-- SOURCE RECORDS follows --

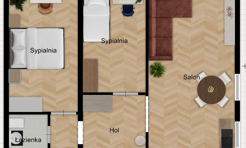 -przestrzenny salon (22m2) z dużym aneksem kuchennym – istnieje opcja oddzielenia kuchni od salonu, w pomieszczeniu aż 3 okna
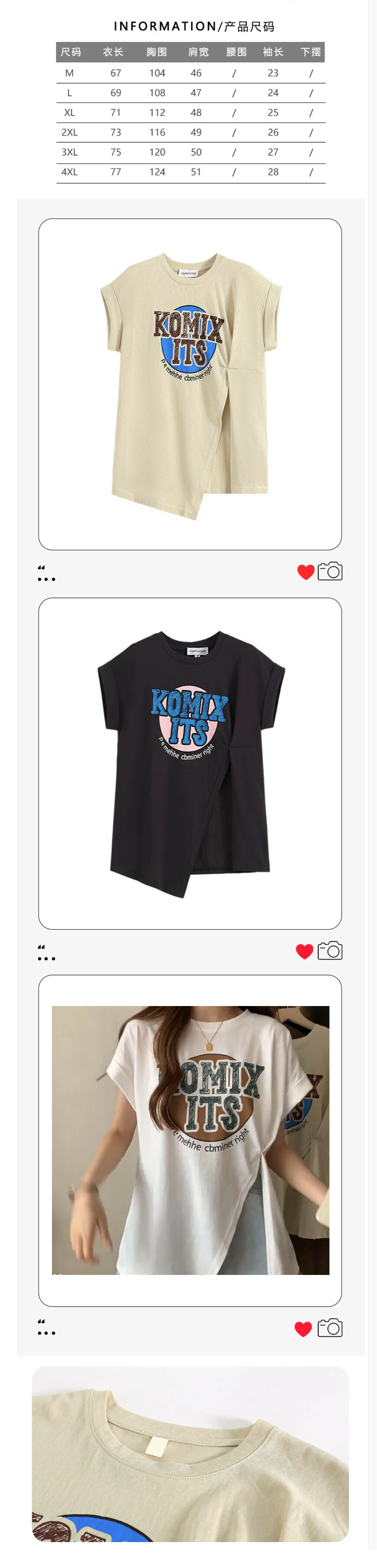 熱賣不規則開叉短袖T恤【白色】【M-4XL碼】(下單後請聯絡客服確認發貨尺碼)
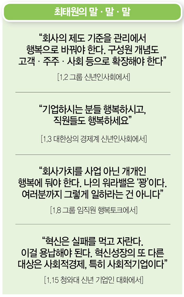 눈길 끌었던 발언들은 다음과 같다. “회사의 제도 기준을 관리에서 행복으로 바꾸자” “구성원의 개념을 고객ㆍ주주ㆍ사회 등으로 확장해야 하며, 협력업체도 SK가 아니라고 할 수 없다” “KPI(핵심성과지표)에서 SV(사회적 가치) 평가 비중을 50%까지 늘리자” “더 행복하기 위해 인사하기ㆍ칭찬하기ㆍ격려하기 등 작은 실천을 더해 나가자” 등이다.
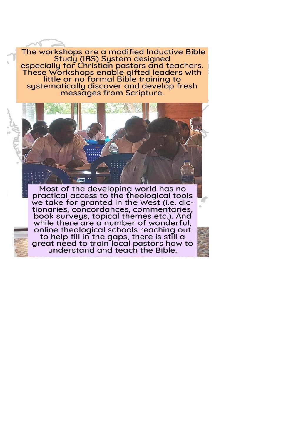 The Bridge Teacher Training Workshop In this local workshop pastors and teachers sharpen their skills and learn how to: • Effectively discover Insights from God's Word • Find the principles woven into each passage • Determine the underlying message • Choose the angle of study • • Evaluate the historical/literary contexts • • Effectively discover Insights from God's Word • Apply observation skills by asking questions • Analyze the results • Choose the purpose/direction of application • Locate and apply universal principles pp • • Follow biblical teaching patterns • Confidently work through the text at hand • • Combine the best study method skills • Provide crossover segues for new visitors • • This free in-country workshop is part of the Bridge Workshop teacher training curriculum and is currently under translation in Tamil, French, Spanish, Tagalog and Amharic.
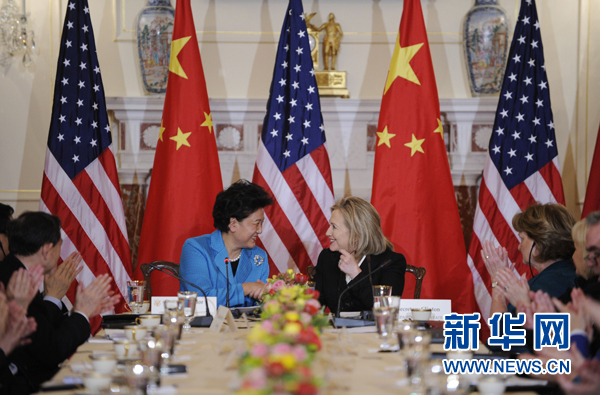 话音刚落,她的肩头多了一只示以安慰的手——这是坐在她旁边、与她一道主持会议的美国国务卿希拉里,随后她向刘延东低头耳语,刘延东一直微笑表示感谢。
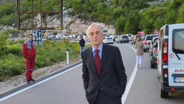 Иначе он, као и многи посланици и дипломате због блокаде магистрале од "комита", није могао стићи на Цетиње, на свечани пријем који је приредила шефица Делегације ЕУ у Подгорици Оана Кристина Попа.

-- SOURCE RECORDS concluded --

[WORK INSTRUCTION]: Here the lines from the one with "熱賣不規則開叉短袖T恤【白色】【M-4XL碼】(下單後請聯絡客服確認發貨尺碼)" through the last line of the data above need to be repeated exactly, both included, and any picture omitted.

[RESULT OF THIS EXERCISE]:
 熱賣不規則開叉短袖T恤【白色】【M-4XL碼】(下單後請聯絡客服確認發貨尺碼)
 눈길 끌었던 발언들은 다음과 같다. “회사의 제도 기준을 관리에서 행복으로 바꾸자” “구성원의 개념을 고객ㆍ주주ㆍ사회 등으로 확장해야 하며, 협력업체도 SK가 아니라고 할 수 없다” “KPI(핵심성과지표)에서 SV(사회적 가치) 평가 비중을 50%까지 늘리자” “더 행복하기 위해 인사하기ㆍ칭찬하기ㆍ격려하기 등 작은 실천을 더해 나가자” 등이다.
 The Bridge Teacher Training Workshop In this local workshop pastors and teachers sharpen their skills and learn how to: • Effectively discover Insights from God's Word • Find the principles woven into each passage • Determine the underlying message • Choose the angle of study • • Evaluate the historical/literary contexts • • Effectively discover Insights from God's Word • Apply observation skills by asking questions • Analyze the results • Choose the purpose/direction of application • Locate and apply universal principles pp • • Follow biblical teaching patterns • Confidently work through the text at hand • • Combine the best study method skills • Provide crossover segues for new visitors • • This free in-country workshop is part of the Bridge Workshop teacher training curriculum and is currently under translation in Tamil, French, Spanish, Tagalog and Amharic.
 话音刚落,她的肩头多了一只示以安慰的手——这是坐在她旁边、与她一道主持会议的美国国务卿希拉里,随后她向刘延东低头耳语,刘延东一直微笑表示感谢。
 Иначе он, као и многи посланици и дипломате због блокаде магистрале од "комита", није могао стићи на Цетиње, на свечани пријем који је приредила шефица Делегације ЕУ у Подгорици Оана Кристина Попа.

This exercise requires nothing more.